TASK STATEMENT: Below is a block of records: output all of them exactly and leave out the pictures.

Records contained in a dataset:
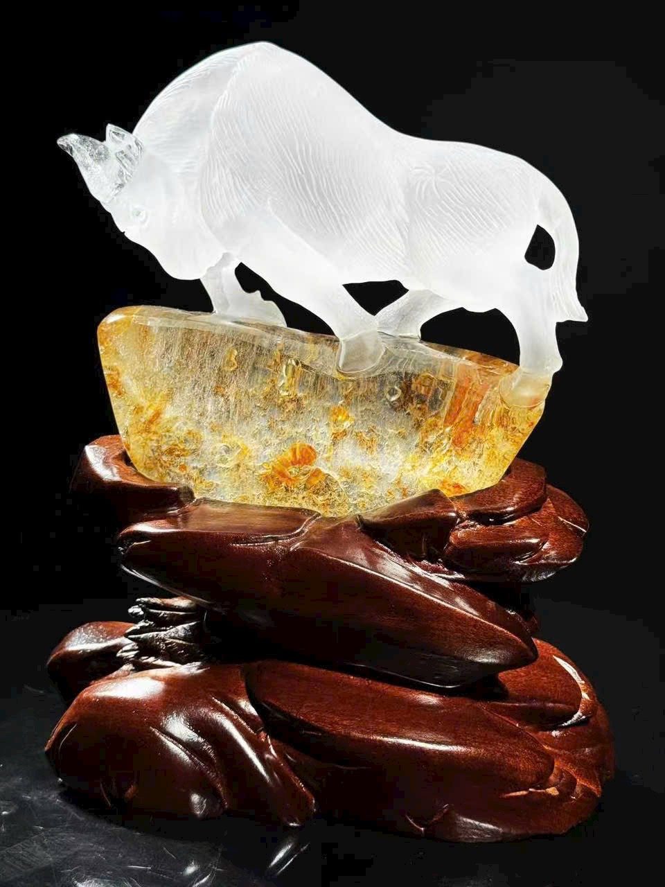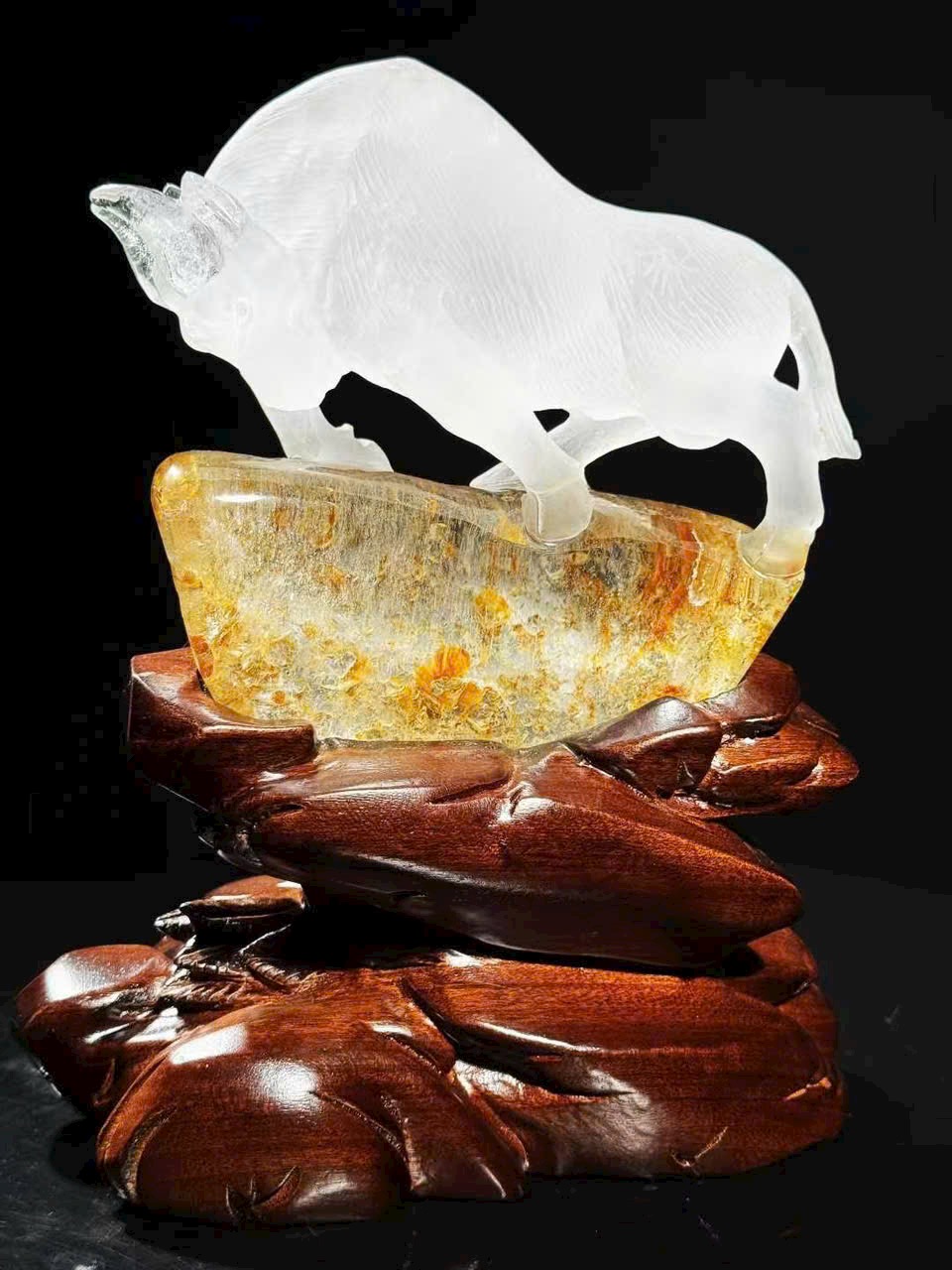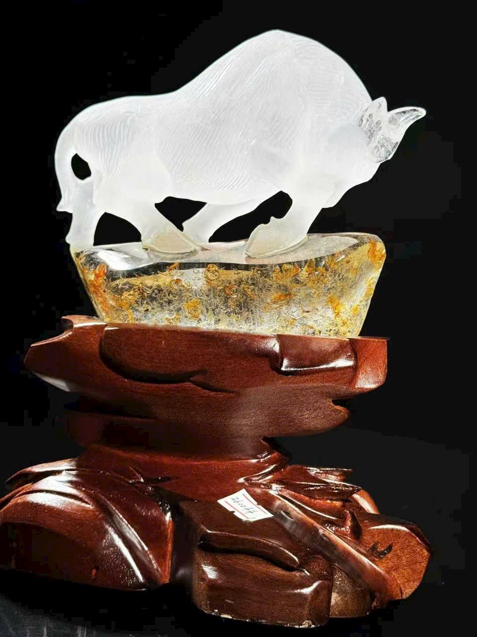 Tượng Trâu (tuổi Sửu) chế tác từ thạch anh trắng thiên nhiên vân keo vàng, dáng đẹp, thích hợp trưng bày phong thủy.
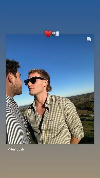 El actor musical utilizó sus redes sociales para publicar una foto de ambos disfrutando de un día soleado en Uruguay, a lo que el conductor de Noche al Dente, la compartió en sus historias de Instagram junto a un emoji de corazón, reconfirmando el vínculo.
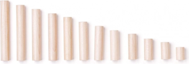 Il set include 12 piolini e 78 anelli colorati, che i bambini associano ai numeri: ad esempio, al numero 5 corrispondono cinque anelli verdi. In questo modo consolidano in modo ludico il conteggio, i colori e la relazione numero–quantità. L’intero set è realizzato in legno, ha bordi levigati e rispetta le normative CE.
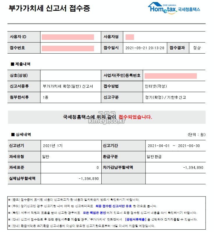 계좌가 입력 완료되면 접수증이 나옵니다. 1달이 안돼서 아래 환급될 세금이 기입한 통장으로 환급됩니다. 나중에 임대사업자를 폐업하게 되면 다시 반납해야 할 돈인 점 참고하세요.
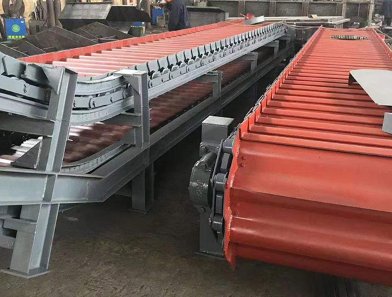 3、与带式输送机相比,承托式输送机可在较大倾角和较小弯曲半径条件下输送物料。板式输送机的倾角可达30°~35°,弯曲半径一般约为3m—5m。

SOLUTION:
 Tượng Trâu (tuổi Sửu) chế tác từ thạch anh trắng thiên nhiên vân keo vàng, dáng đẹp, thích hợp trưng bày phong thủy.
 El actor musical utilizó sus redes sociales para publicar una foto de ambos disfrutando de un día soleado en Uruguay, a lo que el conductor de Noche al Dente, la compartió en sus historias de Instagram junto a un emoji de corazón, reconfirmando el vínculo.
 Il set include 12 piolini e 78 anelli colorati, che i bambini associano ai numeri: ad esempio, al numero 5 corrispondono cinque anelli verdi. In questo modo consolidano in modo ludico il conteggio, i colori e la relazione numero–quantità. L’intero set è realizzato in legno, ha bordi levigati e rispetta le normative CE.
 계좌가 입력 완료되면 접수증이 나옵니다. 1달이 안돼서 아래 환급될 세금이 기입한 통장으로 환급됩니다. 나중에 임대사업자를 폐업하게 되면 다시 반납해야 할 돈인 점 참고하세요.
 3、与带式输送机相比,承托式输送机可在较大倾角和较小弯曲半径条件下输送物料。板式输送机的倾角可达30°~35°,弯曲半径一般约为3m—5m。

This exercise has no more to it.